Automated 3D segmentation of the hyoid bone in CBCT using nnU-Net v2: a retrospective study on model performance and potential clinical utility


Gümüssoy I., Haylaz E., DUMAN Ş. B., Kalabalik F., Say S., ÇELİK Ö., ...More

BMC Medical Imaging, vol.25, no.1, 2025 (SCI-Expanded, Scopus) identifier identifier

  • Publication Type: Article / Article
  • Volume: 25 Issue: 1
  • Publication Date: 2025
  • Doi Number: 10.1186/s12880-025-01797-9
  • Journal Name: BMC Medical Imaging
  • Journal Indexes: Science Citation Index Expanded (SCI-EXPANDED), Scopus, Biotechnology Research Abstracts, EMBASE, MEDLINE, Directory of Open Access Journals
  • Keywords: Artificial intelligence, Cone-beam computed tomography, Convolutional neural network, Hyoid bone
  • Inonu University Affiliated: Yes

Abstract

Objective: This study aimed to identify the hyoid bone (HB) using the nnU-Net based artificial intelligence (AI) model in cone beam computed tomography (CBCT) images and assess the model’s success in automatic segmentation.
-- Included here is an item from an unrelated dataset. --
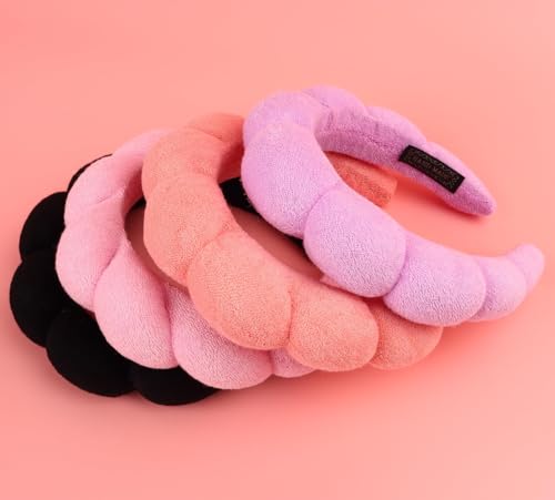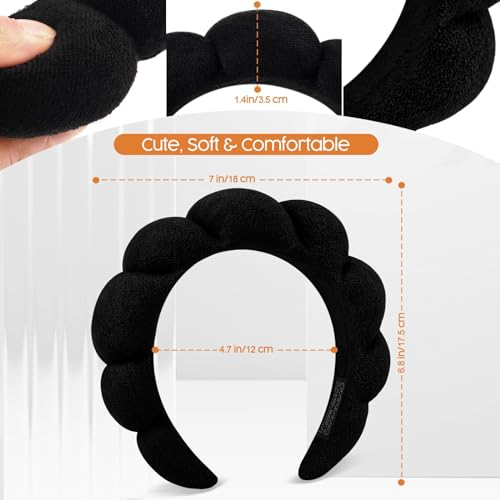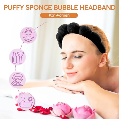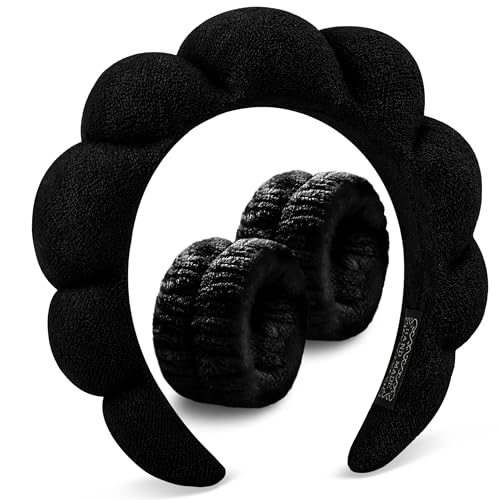 TRASSLE - شريط راس سبا لغسل الوجه من تراسل، عصابات راس للمكياج والعناية بالبشرة للنساء، عصابات راس مكياج فقاعية، هدايا للفتيات المراهقات، شريط شعر منتفخ من قماش تيري اكسسوار شعر جاهز (اسود)

Methods: CBCT images of 190 patients were randomly selected. The raw data was converted to DICOM format and transferred to the 3D Slicer Imaging Software (Version 4.10.2; MIT, Cambridge, MA, USA). HB was labeled manually using the 3D Slicer. The dataset was divided into training, validation, and test sets in a ratio of 8:1:1. The nnU-Net v2 architecture was utilized to process the training and test datasets, generating the algorithm weight factors. To assess the model’s accuracy and performance, a confusion matrix was employed. F1-score, Dice coefficient (DC), 95% Hausdorff distance (95% HD), and Intersection over Union (IoU) metrics were calculated to evaluate the results. Results: The model’s performance metrics were as follows: DC = 0.9434, IoU = 0.8941, F1-score = 0.9446, and 95% HD = 1.9998. The receiver operating characteristic (ROC) curve was generated, yielding an AUC value of 0.98. Conclusion: The results indicated that the nnU-Net v2 model achieved high precision and accuracy in HB segmentation on CBCT images. Automatic segmentation of HB can enhance clinicians’ decision-making speed and accuracy in diagnosing and treating various clinical conditions. Clinical trial number: Not applicable.